The lyrics to MacArthur Park feel like nonsense, but they’re beautiful when Donna Summer sings them. Her version, produced by Giorgio Moroder in 1978, is a cover of the original song written by Jimmy Webb in 1968. The lyrics of the chorus are famously annoying: “Someone left the cake out in the rain / I don't think that I can take it / 'Cause it took so long to bake it / And I'll never have that recipe again.” In interviews Webb said the cake was about the end of a love affair. Webb and his girlfriend used to meet for lunch in MacArthur Park, which is in Westlake, Los Angeles.
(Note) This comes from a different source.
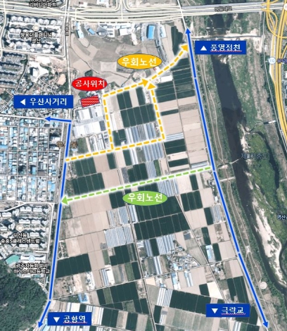 이번 공사구간(우산동 769-1~우산동 202-1번지)은 제수밸브실 등 상수도시설물을 설치하기 위해 도로 전체 폭 굴착이 불가피해 설치기간이 다소 소요될 것으로 예상된다. 이에 따라 해당 구간 차량 진입이 어려워 우회해야 한다. 광주상수도사업본부는 공사 종료까지 차량신호수와 안내간판 등을 배치해 교통불편 등을 최소화할 방침이다.

His girlfriend ended up leaving him and marrying another man in the same park. I’ve never been to LA but I might go this summer because a friend in San Diego is getting married. When Webb sings MacArthur Park, the song is full of self-pity. When Summer sings it the song is pure triumph. Listen to her voice, it’s perfect. She nailed the track on the first take, and that’s the take we hear on the recording. All the moments in the song, even the sad ones, revel in the full force of an ending. It’s the feeling after the cusp. Listen to how happy she sounds when it’s over. She sounds so relieved.